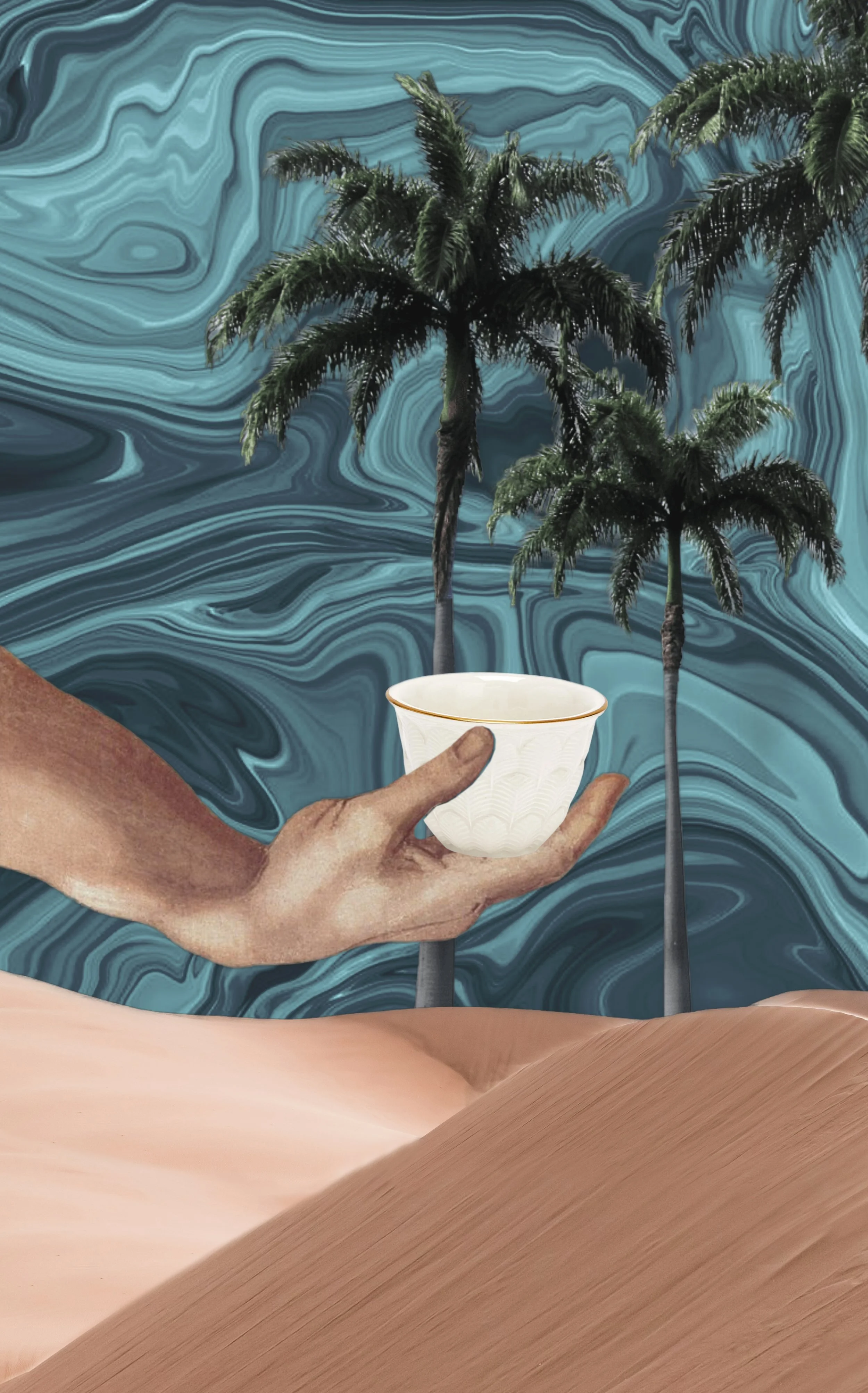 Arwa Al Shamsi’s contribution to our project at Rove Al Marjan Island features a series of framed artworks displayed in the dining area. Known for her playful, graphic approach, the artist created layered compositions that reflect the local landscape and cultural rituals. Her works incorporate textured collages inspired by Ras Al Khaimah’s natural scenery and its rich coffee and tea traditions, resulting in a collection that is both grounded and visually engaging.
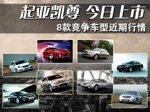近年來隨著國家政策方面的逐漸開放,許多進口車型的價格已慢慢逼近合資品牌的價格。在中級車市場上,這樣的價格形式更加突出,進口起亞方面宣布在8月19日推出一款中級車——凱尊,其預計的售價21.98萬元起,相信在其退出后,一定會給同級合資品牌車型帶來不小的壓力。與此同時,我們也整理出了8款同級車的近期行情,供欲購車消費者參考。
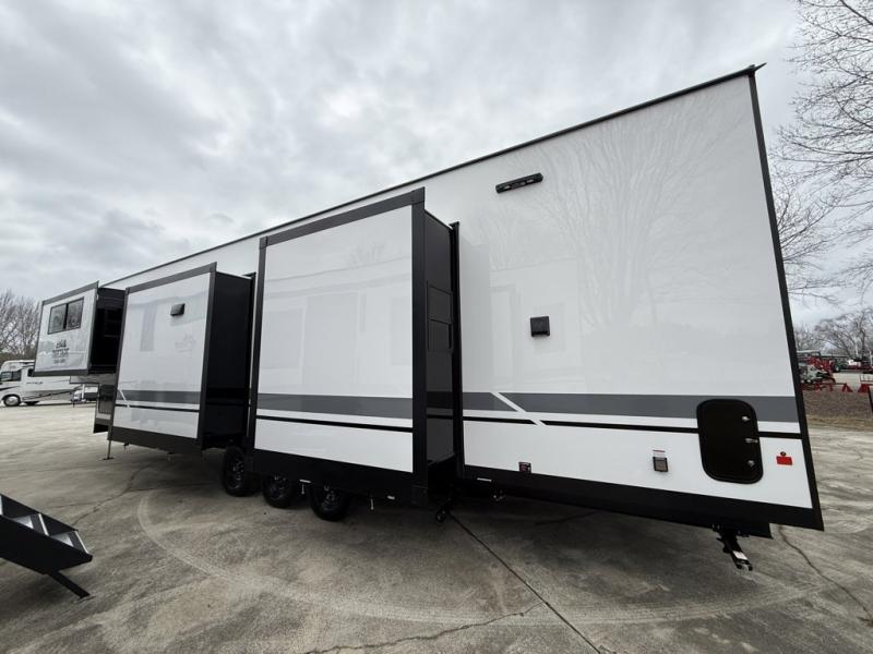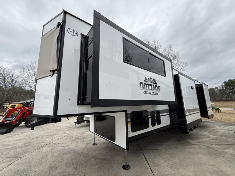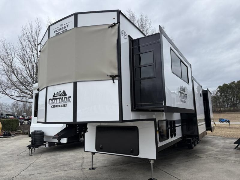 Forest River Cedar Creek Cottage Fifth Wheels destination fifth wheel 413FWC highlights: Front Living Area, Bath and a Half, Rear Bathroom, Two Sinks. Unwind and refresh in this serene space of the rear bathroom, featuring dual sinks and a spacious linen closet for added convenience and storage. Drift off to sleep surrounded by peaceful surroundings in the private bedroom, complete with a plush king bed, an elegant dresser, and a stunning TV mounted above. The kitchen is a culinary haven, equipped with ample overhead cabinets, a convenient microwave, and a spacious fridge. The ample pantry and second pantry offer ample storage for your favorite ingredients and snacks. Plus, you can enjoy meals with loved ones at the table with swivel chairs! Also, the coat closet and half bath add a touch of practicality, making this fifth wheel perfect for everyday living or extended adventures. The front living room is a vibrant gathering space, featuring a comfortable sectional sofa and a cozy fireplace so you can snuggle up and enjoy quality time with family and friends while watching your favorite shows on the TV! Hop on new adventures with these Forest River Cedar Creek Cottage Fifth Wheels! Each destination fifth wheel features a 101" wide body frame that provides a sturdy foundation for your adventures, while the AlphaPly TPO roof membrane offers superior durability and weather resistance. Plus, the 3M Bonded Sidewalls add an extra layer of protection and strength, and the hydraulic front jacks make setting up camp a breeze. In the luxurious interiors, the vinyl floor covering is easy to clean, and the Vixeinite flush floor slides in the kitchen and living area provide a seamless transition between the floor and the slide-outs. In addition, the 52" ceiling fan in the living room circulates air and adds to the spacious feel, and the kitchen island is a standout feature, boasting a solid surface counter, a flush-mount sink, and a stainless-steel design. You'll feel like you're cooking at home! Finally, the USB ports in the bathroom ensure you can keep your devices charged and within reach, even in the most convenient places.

Problem requirements: Where images occur in the data above, leave them out and repeat everything else exactly.

Expected output:
 Arwa Al Shamsi’s contribution to our project at Rove Al Marjan Island features a series of framed artworks displayed in the dining area. Known for her playful, graphic approach, the artist created layered compositions that reflect the local landscape and cultural rituals. Her works incorporate textured collages inspired by Ras Al Khaimah’s natural scenery and its rich coffee and tea traditions, resulting in a collection that is both grounded and visually engaging.
近年來隨著國家政策方面的逐漸開放,許多進口車型的價格已慢慢逼近合資品牌的價格。在中級車市場上,這樣的價格形式更加突出,進口起亞方面宣布在8月19日推出一款中級車——凱尊,其預計的售價21.98萬元起,相信在其退出后,一定會給同級合資品牌車型帶來不小的壓力。與此同時,我們也整理出了8款同級車的近期行情,供欲購車消費者參考。
 Forest River Cedar Creek Cottage Fifth Wheels destination fifth wheel 413FWC highlights: Front Living Area, Bath and a Half, Rear Bathroom, Two Sinks. Unwind and refresh in this serene space of the rear bathroom, featuring dual sinks and a spacious linen closet for added convenience and storage. Drift off to sleep surrounded by peaceful surroundings in the private bedroom, complete with a plush king bed, an elegant dresser, and a stunning TV mounted above. The kitchen is a culinary haven, equipped with ample overhead cabinets, a convenient microwave, and a spacious fridge. The ample pantry and second pantry offer ample storage for your favorite ingredients and snacks. Plus, you can enjoy meals with loved ones at the table with swivel chairs! Also, the coat closet and half bath add a touch of practicality, making this fifth wheel perfect for everyday living or extended adventures. The front living room is a vibrant gathering space, featuring a comfortable sectional sofa and a cozy fireplace so you can snuggle up and enjoy quality time with family and friends while watching your favorite shows on the TV! Hop on new adventures with these Forest River Cedar Creek Cottage Fifth Wheels! Each destination fifth wheel features a 101" wide body frame that provides a sturdy foundation for your adventures, while the AlphaPly TPO roof membrane offers superior durability and weather resistance. Plus, the 3M Bonded Sidewalls add an extra layer of protection and strength, and the hydraulic front jacks make setting up camp a breeze. In the luxurious interiors, the vinyl floor covering is easy to clean, and the Vixeinite flush floor slides in the kitchen and living area provide a seamless transition between the floor and the slide-outs. In addition, the 52" ceiling fan in the living room circulates air and adds to the spacious feel, and the kitchen island is a standout feature, boasting a solid surface counter, a flush-mount sink, and a stainless-steel design. You'll feel like you're cooking at home! Finally, the USB ports in the bathroom ensure you can keep your devices charged and within reach, even in the most convenient places.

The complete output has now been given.